--- Information provided ---
━━━━━━━━━━

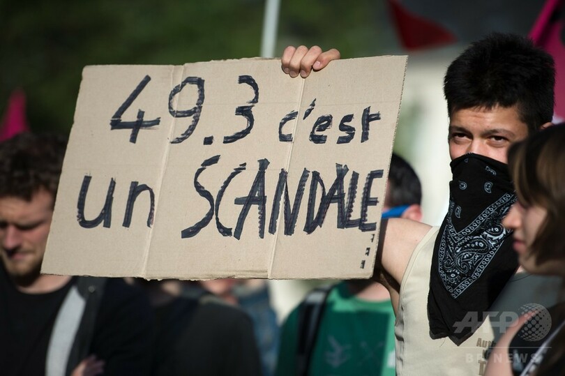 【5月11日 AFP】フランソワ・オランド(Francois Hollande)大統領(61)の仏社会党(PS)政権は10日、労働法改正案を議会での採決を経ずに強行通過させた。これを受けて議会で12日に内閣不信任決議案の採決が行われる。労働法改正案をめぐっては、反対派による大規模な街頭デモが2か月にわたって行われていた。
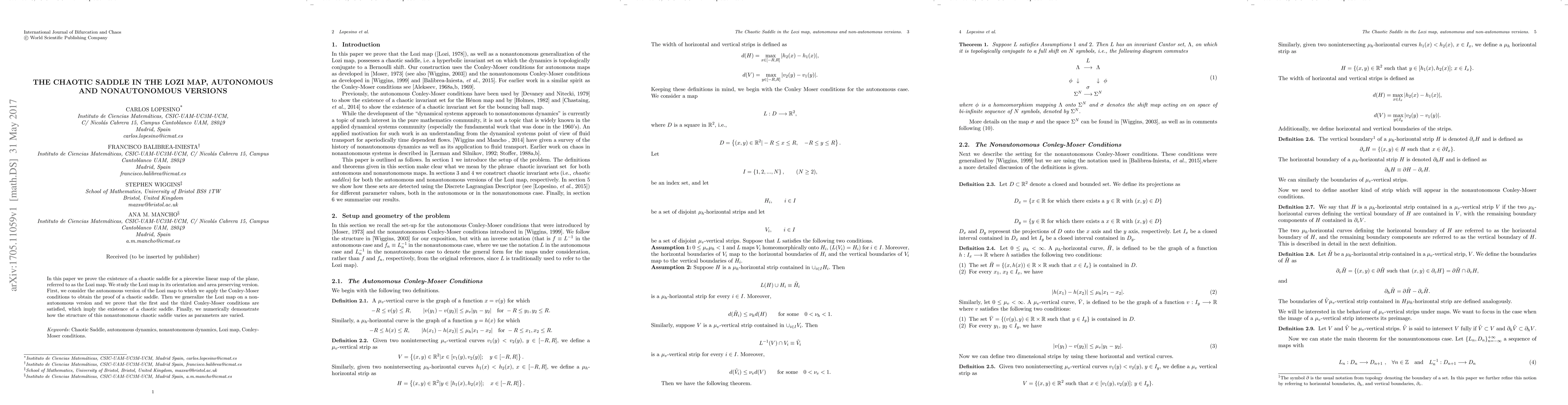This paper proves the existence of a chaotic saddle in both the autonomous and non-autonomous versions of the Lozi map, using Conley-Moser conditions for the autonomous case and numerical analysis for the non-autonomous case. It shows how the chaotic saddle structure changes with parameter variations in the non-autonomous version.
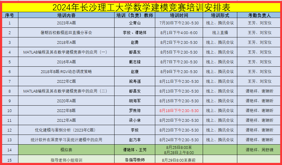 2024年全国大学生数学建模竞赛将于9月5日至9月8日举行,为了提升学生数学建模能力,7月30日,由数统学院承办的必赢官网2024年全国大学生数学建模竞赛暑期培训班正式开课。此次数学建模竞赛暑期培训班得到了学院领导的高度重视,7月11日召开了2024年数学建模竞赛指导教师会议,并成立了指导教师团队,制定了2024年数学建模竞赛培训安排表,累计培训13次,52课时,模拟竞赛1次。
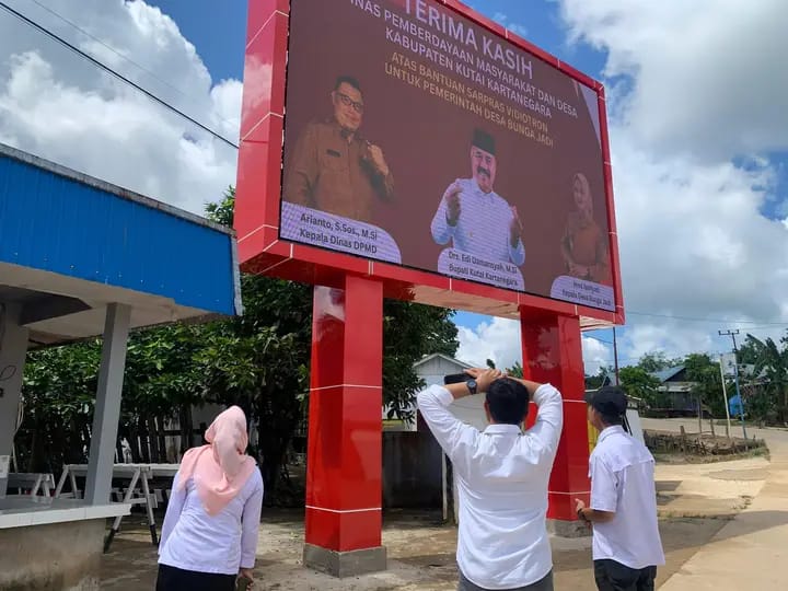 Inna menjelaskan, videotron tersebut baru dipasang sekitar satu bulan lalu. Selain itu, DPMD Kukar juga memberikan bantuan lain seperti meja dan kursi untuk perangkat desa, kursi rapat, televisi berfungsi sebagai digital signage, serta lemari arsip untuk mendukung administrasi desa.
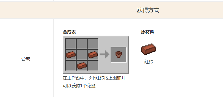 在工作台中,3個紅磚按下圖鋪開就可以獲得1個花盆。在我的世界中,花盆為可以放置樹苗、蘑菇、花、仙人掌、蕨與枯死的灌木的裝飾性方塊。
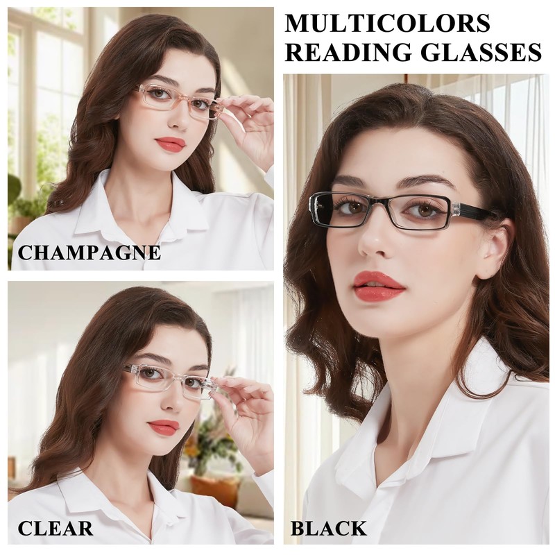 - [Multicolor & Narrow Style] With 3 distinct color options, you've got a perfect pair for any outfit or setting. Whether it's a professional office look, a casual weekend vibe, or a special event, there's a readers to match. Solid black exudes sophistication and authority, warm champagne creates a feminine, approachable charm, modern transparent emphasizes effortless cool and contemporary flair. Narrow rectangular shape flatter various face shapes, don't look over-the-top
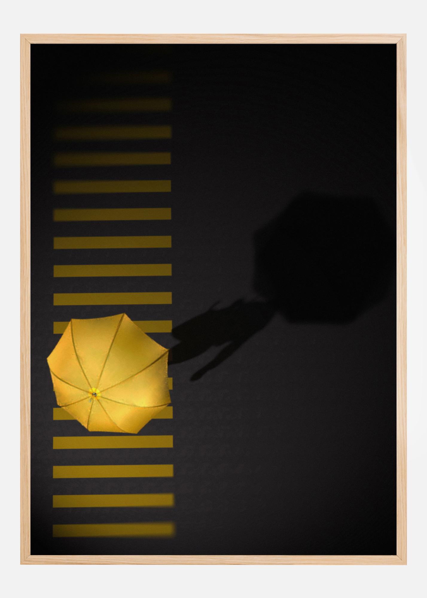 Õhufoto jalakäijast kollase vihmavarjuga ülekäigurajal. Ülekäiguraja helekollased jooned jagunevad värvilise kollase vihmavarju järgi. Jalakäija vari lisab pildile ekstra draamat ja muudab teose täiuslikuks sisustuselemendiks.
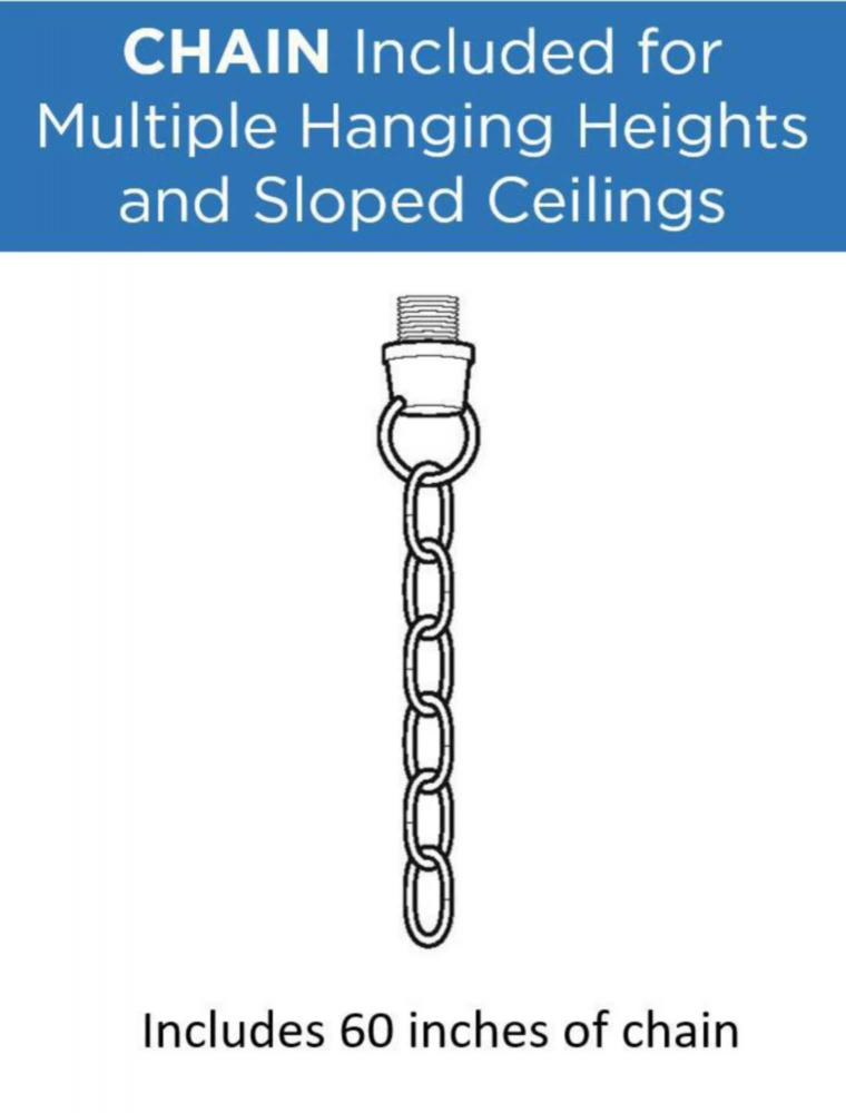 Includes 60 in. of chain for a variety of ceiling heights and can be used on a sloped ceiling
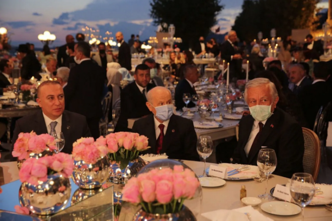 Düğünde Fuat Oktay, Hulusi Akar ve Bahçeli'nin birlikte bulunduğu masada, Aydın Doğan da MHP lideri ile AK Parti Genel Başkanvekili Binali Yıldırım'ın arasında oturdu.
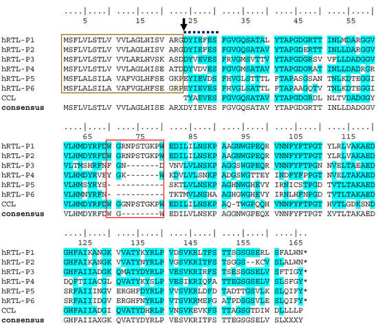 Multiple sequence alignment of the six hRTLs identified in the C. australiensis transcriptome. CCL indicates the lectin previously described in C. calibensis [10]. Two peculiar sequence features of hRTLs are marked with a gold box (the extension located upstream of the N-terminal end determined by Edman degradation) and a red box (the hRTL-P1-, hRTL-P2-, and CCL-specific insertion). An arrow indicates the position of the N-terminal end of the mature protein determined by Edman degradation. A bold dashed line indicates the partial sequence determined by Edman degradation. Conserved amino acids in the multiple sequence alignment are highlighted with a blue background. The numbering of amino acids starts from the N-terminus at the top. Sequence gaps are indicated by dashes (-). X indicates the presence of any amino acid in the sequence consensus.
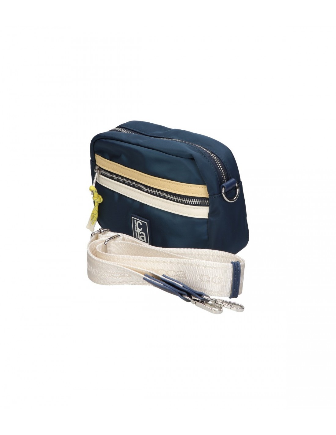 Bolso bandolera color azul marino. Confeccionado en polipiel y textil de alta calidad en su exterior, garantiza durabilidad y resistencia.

━━━━━━━━━━

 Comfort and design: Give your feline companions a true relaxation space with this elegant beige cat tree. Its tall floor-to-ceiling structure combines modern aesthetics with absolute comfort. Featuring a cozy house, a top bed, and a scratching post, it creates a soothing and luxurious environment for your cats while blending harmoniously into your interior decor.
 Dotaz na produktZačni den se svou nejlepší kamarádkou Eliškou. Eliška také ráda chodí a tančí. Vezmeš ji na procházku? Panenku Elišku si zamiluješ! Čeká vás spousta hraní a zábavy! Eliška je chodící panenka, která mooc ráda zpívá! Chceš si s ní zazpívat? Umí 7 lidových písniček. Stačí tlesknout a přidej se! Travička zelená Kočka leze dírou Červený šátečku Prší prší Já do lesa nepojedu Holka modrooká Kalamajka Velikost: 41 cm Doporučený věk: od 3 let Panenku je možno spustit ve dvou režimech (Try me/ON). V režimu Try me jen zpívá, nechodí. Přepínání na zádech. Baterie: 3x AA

━━━━━━━━━━

--- What is expected ---
Print the part of the listing above that opens with the line containing "Õhufoto jalakäijast kollase" and closes with the line containing "Includes 60 in.". Copy it exactly, both ends included, and omit the pictures.

--- Answer section ---
 Õhufoto jalakäijast kollase vihmavarjuga ülekäigurajal. Ülekäiguraja helekollased jooned jagunevad värvilise kollase vihmavarju järgi. Jalakäija vari lisab pildile ekstra draamat ja muudab teose täiuslikuks sisustuselemendiks.
 Includes 60 in. of chain for a variety of ceiling heights and can be used on a sloped ceiling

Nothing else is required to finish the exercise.